Change provider every year for the cheapest rates
Switch to a day/night rate if you have a night meter
Do not let the room temperatures drop at night, it is very cheap to heat at night on the lower rates.
Do set your bedrooms lower all day so they are not uncomfortable at night even if heating comes on
Keep all doors open especially within the same heating zone to maintain the constant temp. (We benefit from a south facing living room with large windows that effectively keeps our stats at temperature during daytime even in winter so very little additional heat required)
Check the temperature on your water tank and reduce it until the water temperature is comfortable. This is often a big mistake and waste of energy with heat pumps. To maintain a good COP, the water tank should be set as low as possible. It makes no sense to have really hot water coming out of taps that you then use the cold mixer to cool. There is a balance too between how low you can drop the temp and having enough water for all residents to shower etc.
Similarly, the output temperature for your space heating is just as important. Dropping the temp by a few degrees means the systems stays on for longer but runs more efficiently
Finally, if you do make changes to stats or other temperature settings. Let it 'settle' for a few days before adjusting again until everything feels comfortable
You won't really see the impact of any of the above suggestions until next winter as your summer usage should be very low anyway



dem_syhp said:


> I'm not saying they're not efficient, I'm saying, so far, based on 4-6 months, the jury is out as to which way I'd go if given the choice again. The house is way more comfortable, we absolutely had rooms that were never comfortable, but that's the insulation.

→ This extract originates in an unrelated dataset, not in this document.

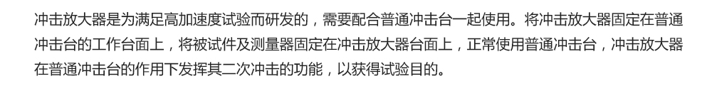 用途:沖擊放大器是為滿足高加速度試驗(yàn)而研發(fā)的,需要配合普通沖擊臺一起使用。

 That is probably where you frustration lies. As you already had gas, you didn't really need a heat pump. They would both be as effective at heating your home. Heat pumps are not necessarily better than gas, they are just another option in A-rated homes. Their benefits rapidly disappear if homes are not A-rated. Personally, I would be quiet annoyed with whoever spec'd your home to have gas, PV and a heat pump, it makes no sense.


----------



## dem_syhp (10 Mar 2021)

Thanks @_OkGo_ for the suggestions.   Many of them we're already on our way to learning - I'm quite sure I'll be able to get back down to where we were, but I suspect it will take a bit of monitoring!


----------



## Coldwarrior (11 Mar 2021)

_OkGo_ said:


> Check the temperature on your water tank and reduce it until the water temperature is comfortable.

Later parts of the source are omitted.